Search.pm mod ro replace characters

Collapse
X
 
  • Filter
  • Time
  • Show
Clear All
new posts

    Search.pm mod ro replace characters

    Hello,

    Looking at http://community.actinic.com/showthread.php?t=41320 and the KB I can see it is possible to amend simple searches.

    Would anyone know how I might amend Search.pm to be able to substitute foreign characters for example replace an 'a' for an 'ä'?

    I can see this might be problematic though as searches for an 'a' could be for an 'â', 'ä', 'à' or an 'å'!

    This may not be the solution to my dilemma...

    Another option would be to have a hidden property containing a 'plain character' version of the product title and allowing the search to also search this. From what I understand this is not currently possible unless from the simple search. If only customers knew there alt codes. Id this still the case or is there now a way to include this?

    Alex
    Blog, Twitter, Facebook
    Actinic Ecommerce, CMS and Video production

    www.petraboase.com
    www.progrow.co.uk
    www.christopherpiperwines.co.uk
    www.cheeksandcherries.co.uk
    www.skatewarehouse.co.uk

    #2
    Hmm interesting problem, I'd have thought best way to attack that is to have JavaScript alter the search phrase inserted by a user into a plain string and then proceed as normal with the search. Products are then setup as the plain word(s).

    Comment


      #3
      Hi Lee, thanks for your help.

      Unfortunately it is the other way around. For example a visitor may search for a product that is called "Estèphe" but actually search for "Estephe". As far as Actinic simple search is concerned there are no matches (and rightly so)...

      So if the Search.pm or a Javascript hack were implemented it would simply not know that it should replace the second "e" but not the first or third.

      The only way I can think that might work is to create a custom property called "plain english version" and find a hack to get Actinic to also search that field. That way it could work for both the proper version and the plain english version. Otherwise the only option left would be to write the plain english version in the page and that would be wrong on many levels.

      Out of interest Google manages this rather well and from what I can work out does not seem to differentiate either way from an SEO point of view. I have not tested this scientifically (well I tried it twice...).

      If anyone has any cunning ideas how I might include said custom field in my simple search I will be as happy as a mouse in a cheese factory

      Alex
      Blog, Twitter, Facebook
      Actinic Ecommerce, CMS and Video production

      www.petraboase.com
      www.progrow.co.uk
      www.christopherpiperwines.co.uk
      www.cheeksandcherries.co.uk
      www.skatewarehouse.co.uk

      Comment


        #4
        I think to be indexed you may have to include the base (acccent free) versions of the words in the product description with styling as display:none. Not ideal for seo but may help with searching.
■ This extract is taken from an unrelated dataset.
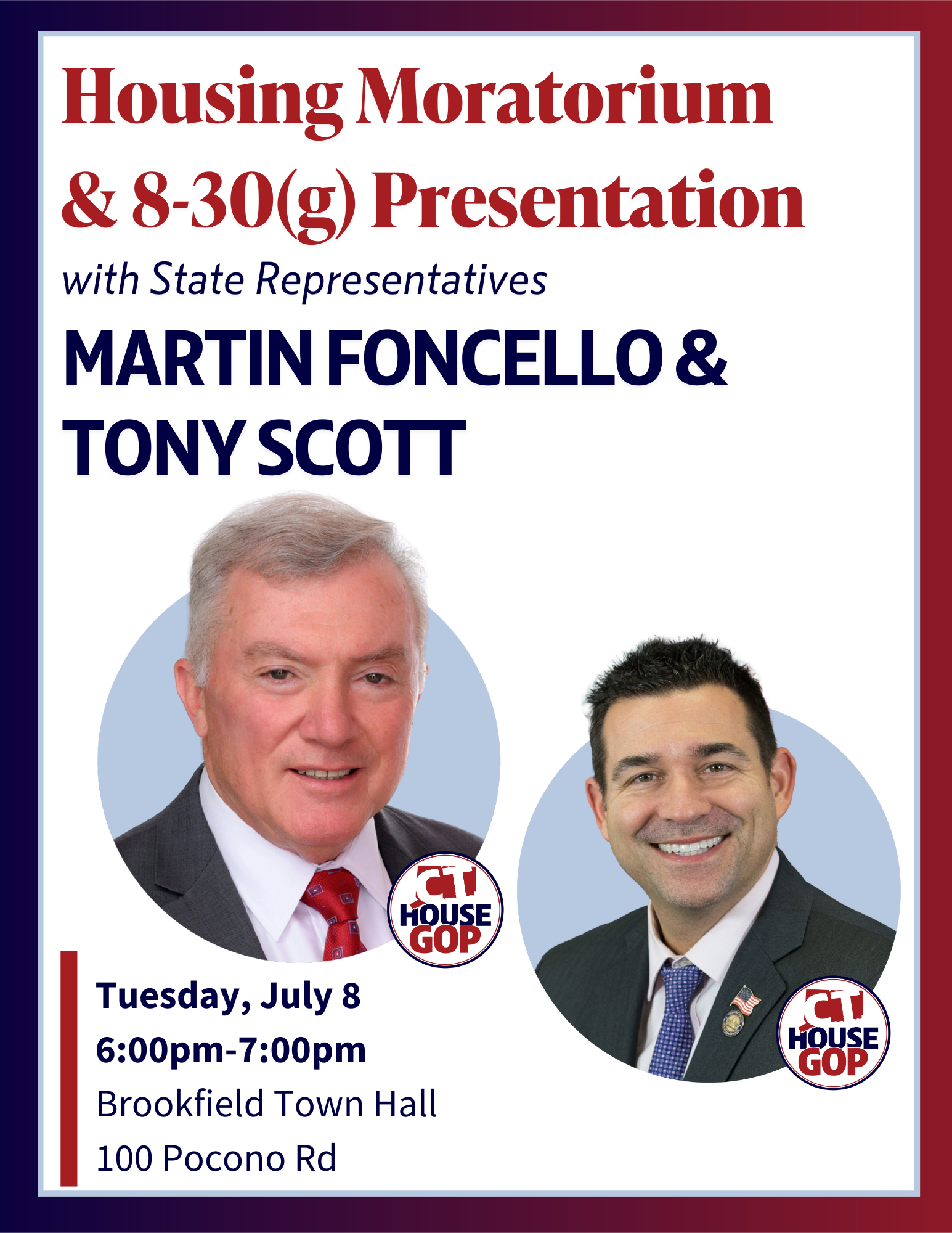 HARTFORD- Brookfield State Representative Martin Foncello (R-107) and the Ranking House Republican on the General Assembly’s Housing Committee Tony Scott (R-112) will be co-hosting a Housing Moratorium and 8-30g Presentation at Brookfield Town Hall next month.

        I also have instances where I would very much like CVs to be indexed as well but it doesn't seem possible as far as I know.

        The other option is of course to use Google search on your site with results restricted to your site, similar ss used on the forum, but certainly not ideal either.

        Comment


          #5
          Very hard to fix. Reason: Catalog.exe creates the search dictionary of words and their locations and uploads it to the server (in a very compressed format). Only Actinic can change that code so at the moment we're stuck with the accented characters being in the dictionary.

          You can limit certain characters from being indexed (via Settings / Search Settings / Search Options / Valid Characters) but that's not going to help as it removes such characters from the word and you won't be able to match with the standard character in the search term.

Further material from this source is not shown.